Friday, September 02, 2016
***** Corn up 3 1/2 to 5 1/2 cents; soybeans gain 8 1/4 to 9 1/2; Chicago wheat up 4 1/2 to 5. *****

   # A back-and-forth week had December corn futures up 3 1/2 cents.  November soybeans dropped 14 3/4 after a rough Tuesday/Wednesday.  Chicago December wheat was off 8 1/4. 
   # Farmers in Argentina are still awaiting word on whether or not their government will cut soybean export taxes by 5 percent for next season, as promised by the newly-elected President Macri.
   # Russian officials are going ahead with a plan to cut wheat export duties to zero.  The country is not currently facing any sort of substantial inflationary pressure on food in the domestic market.  Recent reports put into doubt some of the most aggressive size estimates for the ongoing Russian harvest, but it will no doubt still be a big one.  
   # The U.S. drought monitor is mostly clear.  There remains moderate dryness in northern Ohio and more-severe drought conditions in the Southeast.  On the world drought map, northeastern Brazil still runs dry, as do parts of central Africa, and northern Russia.  
   # The weekend is dry for most in the Midwest.  Showers are expected to pop up in the Plains on Sunday night while the Eastern Corn Belt waits to get wet until Tuesday or Wednesday.  
   # Reuters issued a bulletin on Informa’s latest U.S. yield predictions.  Corn yield is estimated at 174.8 bushels per acre versus USDA August at 175.1.  Soybean yield is seen at 49.5 versus USDA 48.9.  More trade estimates for the September crop report will begin to circulate early next week.  
   # Oil prices climbed as Russian President Putin said he would encourage a production freeze agreement among Russia and the OPEC states.  Those countries will meet to discuss the market on September 27th. 
   # Dollar index futures rebounded after an initial selloff following the August jobs report.  Payrolls missed expectations at 151,000 versus a +180,000 consensus.       

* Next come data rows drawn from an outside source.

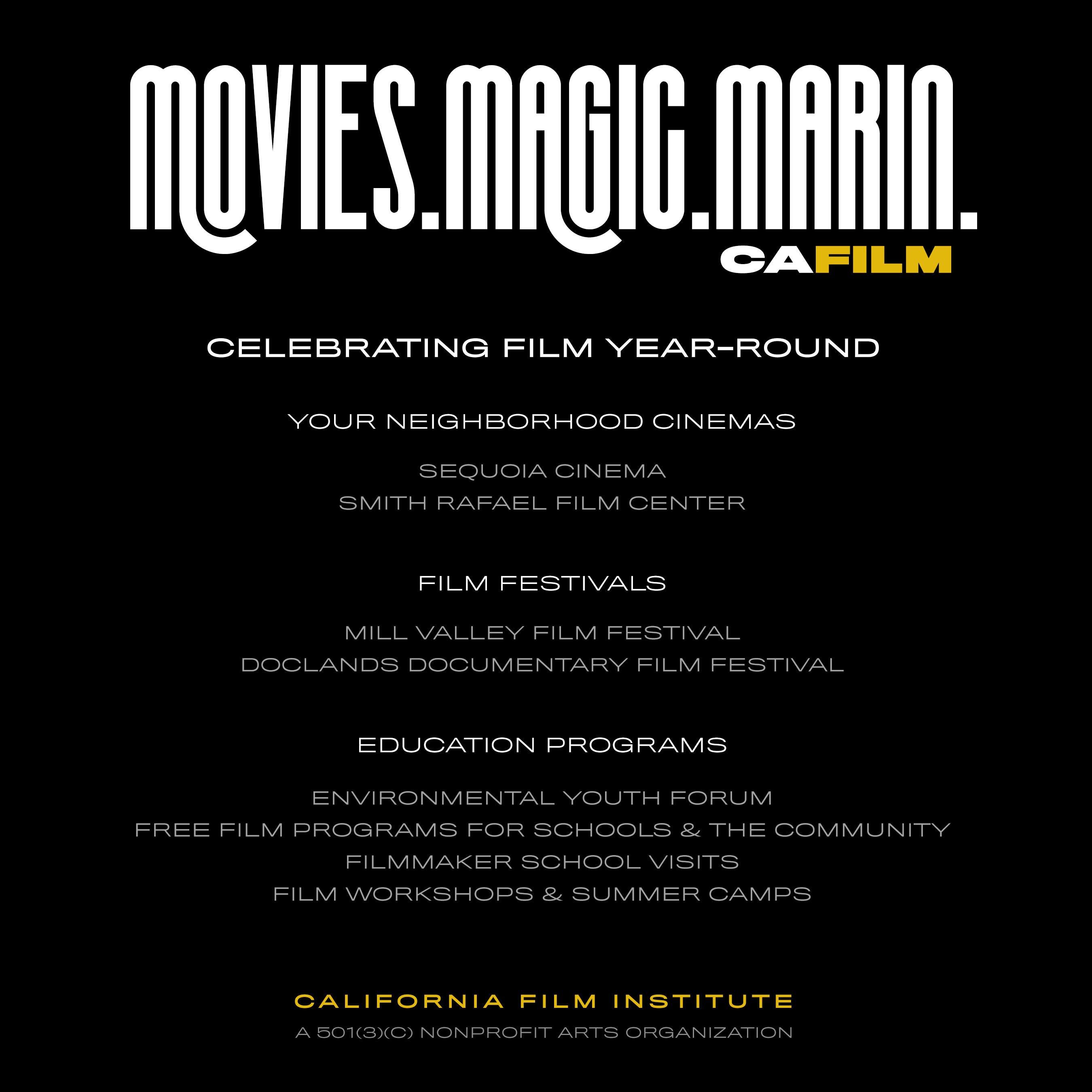 The following donors help sustain year-round programs at the California Film Institute, including DocLands, ensuring that internationally acclaimed, established, and emerging filmmakers have a platform to share their stories with our community. Their support provides free educational programs to thousands of diverse Bay Area students, preserves and programs a historic art-house theaters, and strengthens independent filmmaking to make a lasting impact. Thank you to all of our dedicated supporters!
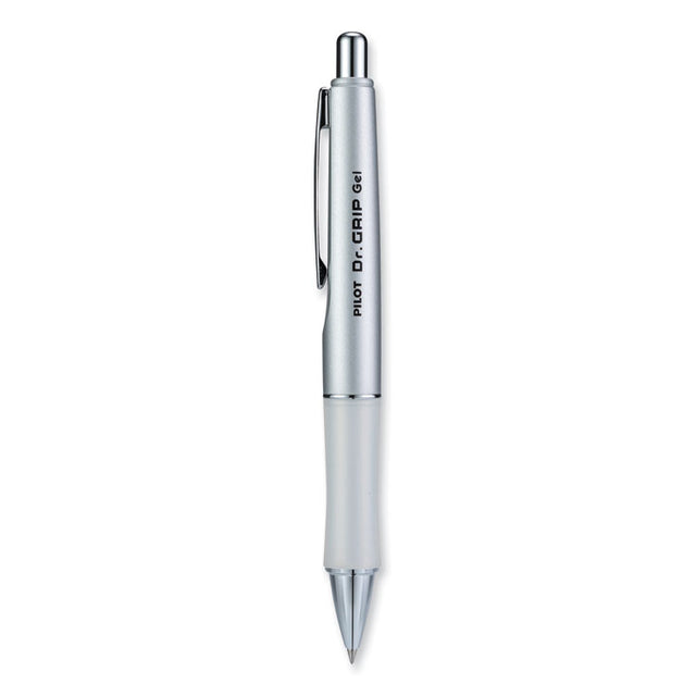 Dr. Grip is the first truly ergonomic writing instrument. A unique balanced design and a comfortable grip help alleviate writing fatigue, while the smooth ink formula provides an exceptional writing experience. Available in fine point with black G2 gel ink. Silver Barrel. Pen Sub-Brand & Product Family: Dr. Grip Limited; Pen Type: Gel Pen; Pen Style: Retractable; Pen Tip Type: Conical.
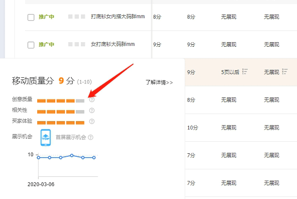 当每天点击量有一定,创意质量这格不满就必须要去优化图片!
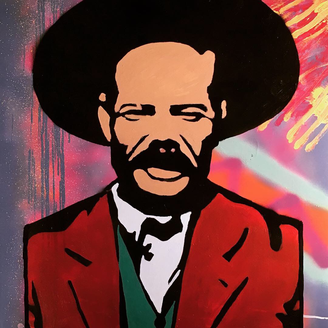 His portraits include historical figures, pop culture icons, family, and self‑portraits. He states that he paints “both awful and inspirational people.” If you’ve ever stumbled across his TikTok page, you’ll see that advocacy is a strong part of his messaging. He paints powerful real‑life heroes such as political activists and leaders who stand up for justice.
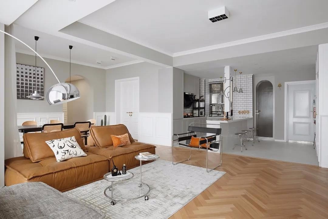公共区域把能敲的墙都敲了之后 获得一个大型开放式客餐厨一体的空间 玄关也开阔了很多 儿童房改了门洞位置获得了一排储物空间 对于大户型来说储物空间足够的情况下我们更多的是要思考空间的开阔度和流畅度。
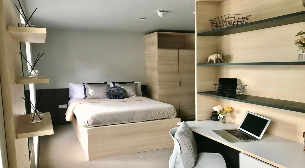 Premium Studio, which provides more space and a modern design for comfortable student living. These studios are available on multiple floors and include a comfortable 3/4 bed, a dedicated study area, and plenty of storage to keep your space organised. You’ll appreciate the convenience of a private en-suite bathroom and a fully equipped kitchen, ideal for self-sufficient living. The Premium Studio, with its spacious layout and stylish finishes, is an excellent choice for students looking for a balance of comfort, practicality, and the ability to personalise their space.
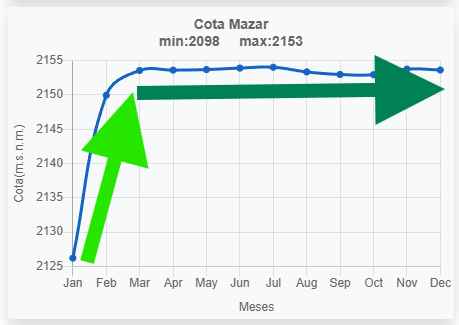 - Marzo: 2153,56 msnm, 0,56 m por encima
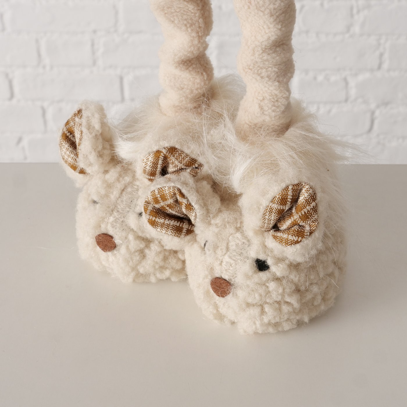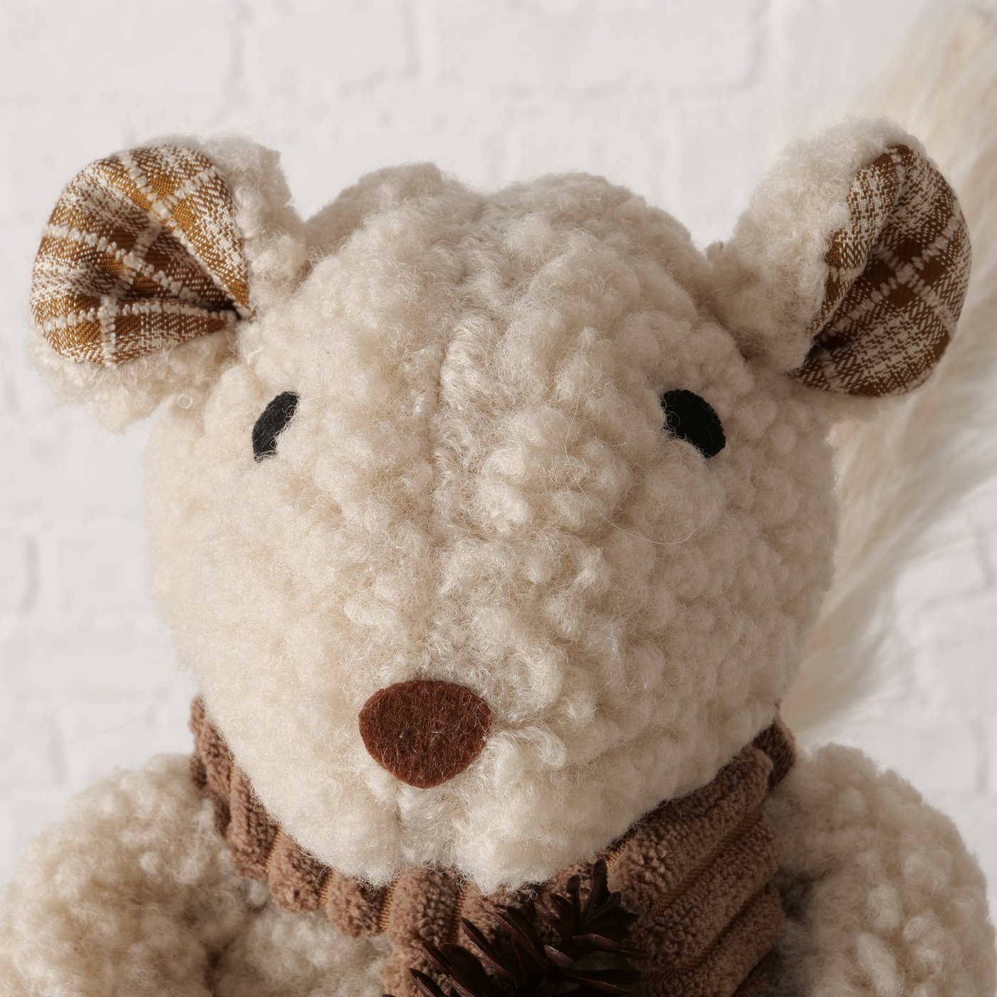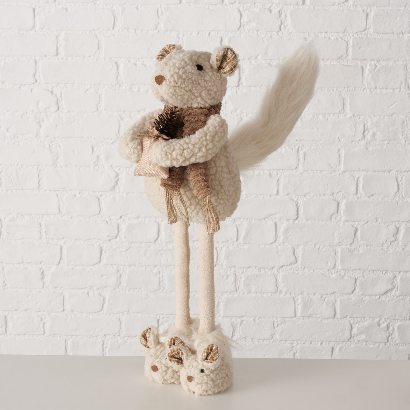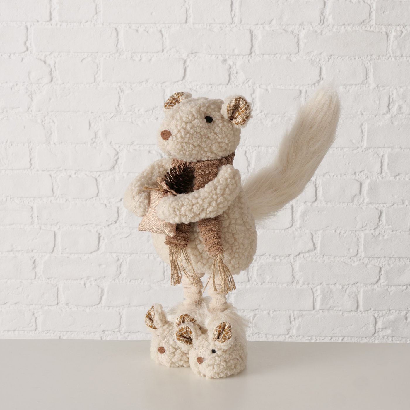 Die Kombination aus weichem Plüsch und stabiler Verarbeitung sorgt für eine angenehme Haptik und einen sicheren Stand. Die liebevollen Details wie Schal und kleines Säckchen unterstreichen den warmen, natürlichen Look im gemütlich-rustikalen Stil.
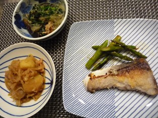 ぶりの塩麹焼き&アスパラ切り干し大根とじゃがいもの煮物(てんきち母ちゃんちの毎日ごはんより)なすとニラ、春雨の炒め煮(てんきち母ちゃんブログより) * * * * * * * * * * * * *2日間自家製塩麹に漬け込んだぶりをこびりつかないホイルシートを敷いたフライパンで焼きました。魚焼きグリルでもいいのでしょうが、塩麹はとにかく焦げやすいので、無理をせず、ラクな方法で(^_^;)スーパーのごくフツーのぶりも塩麹だととてもおいしくいただけます♪メインがお魚の日は少しボリュームのある副菜にしています。味だしのベーコンが入った切り干し大根の煮物は娘の大好物。お鍋に入っている段階からのぞきに来て、「よしよし(^◇^)」という感じで、スタンバイしていますなすのほうは味だしに豚しゃぶ肉を。なんてことないおかずなのですが、味のしみた春雨もまた美味。

***** Live cattle futures down $1.72 to $1.92; feeders off $1.80 to $2.45; hogs lower by $0.97 to $2.62. ***** 

   # Slaughters still run surprisingly high while weights are barely under year-ago levels.  High beef production has weighed on the market as could be expected, but there is now left the possibility that fall numbers will dip quicker and deeper than usual.  
   # There is a possibility that the seasonal dip for hog prices may have begun early, and a correction to the upside for cutout values may indicate that low prices have started to spur better demand.